Slow economic growth and economic stagnation have an adverse impact on low wage earners. These families are more likely to lose their jobs, are less likely to have the resources to weather bad economic times, and are more in need of the initial employment opportunities that a dynamic, growing economy provides. The income tax retards economic performance by creating a significant bias against saving and investment through double, triple, and even quadruple taxation. Under the FairTax, what you earn is what you take home. Americans are able to save more and invest more. The FairTax dramatically increases investment levels compared to levels that would have been achieved under the current income tax system. Increased savings will stimulate investment and productivity and the economy will grow more rapidly, creating demand for workers and improving job opportunities. Because taxes on capital are removed, foreign capital will flow into the United States, creating businesses and jobs. U.S. products competing abroad are free of the hidden costs of taxation while the FairTax is collected on foreign products sold in the United States. Virtually all economic models project a much healthier economy under a broad-based consumption tax such as the FairTax.

Local Group Forms

Kansas FairTaxers have just this spring joined a growing nationwide movement known as Americans For Fair Taxation (AFFT), newly reorganized in Houston this year as the AFFT National Grass Roots Council. The subsidiary AFFT state affiliate in Kansas, the FairTax Kansas Association, or FTKSA, is part of the AFFT National Grass Roots Council, and is seeking to have Kansans become authorized to vote for the Kansas delegation. Kansas delegates to the Grass Roots Council will help to shape a nationally coordinated effort to abolish the IRS, repeal the 16th Amendment, and replace the federal income tax. By donating only $10 on the secure www.FairTax.org website, one automatically qualifies to vote for a fellow Kansan to serve as a FTKSA delegate to the national Grass Roots Council.
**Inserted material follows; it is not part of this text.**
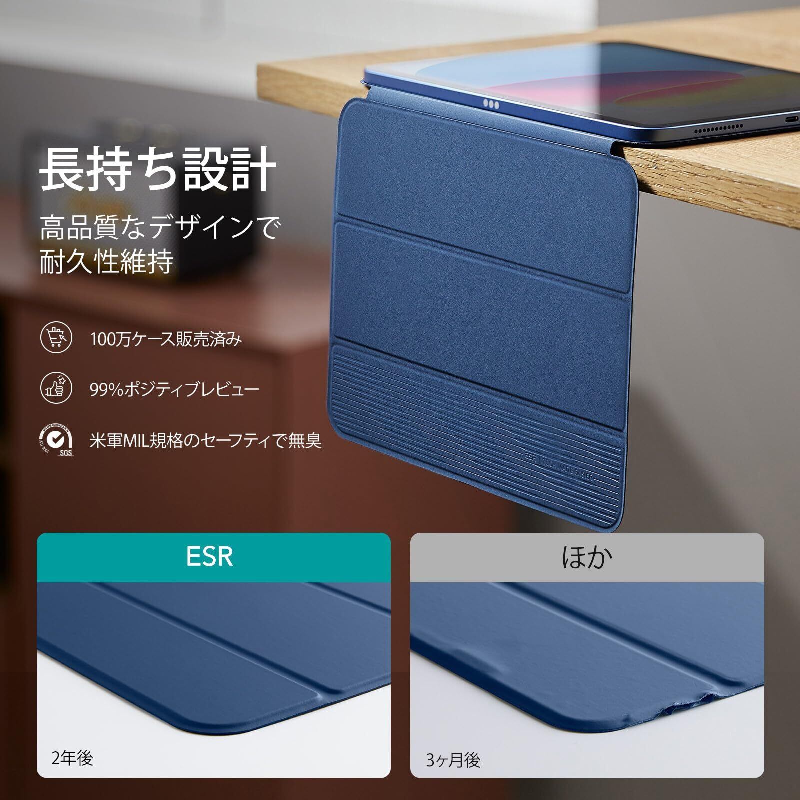 【数量限定】ESR iPad 11世代 ケース A16 (11インチ、2025モデル) iPad 第10世代 (10.9インチ、2022モデル)専用 強力マグネット吸着式 スリムな三つ折りスタンドケース 自動ウェイク/スリープ耐 久性保護 軽量 シルクのよう滑らか Reboundシリーズ ブルー

“Promoting and advocating for the FairTax is the one and only thing that FTKSA does, and totally on a volunteer basis,” said Mark Saylor, a Topeka spokesperson for FTKSA. “One Hundred Percent of the money donated is used solely for that purpose.

The FairTax bill in Congress is designated as HR-25 in the House and S-122 in the Senate. All 6 members of The Kansas Congressional delegation are co-sponsors of the legislation, and it is hoped that the House Ways and Means Committee will hold a hearing on HR-25 soon, voting it out of committee onto the House floor for full debate.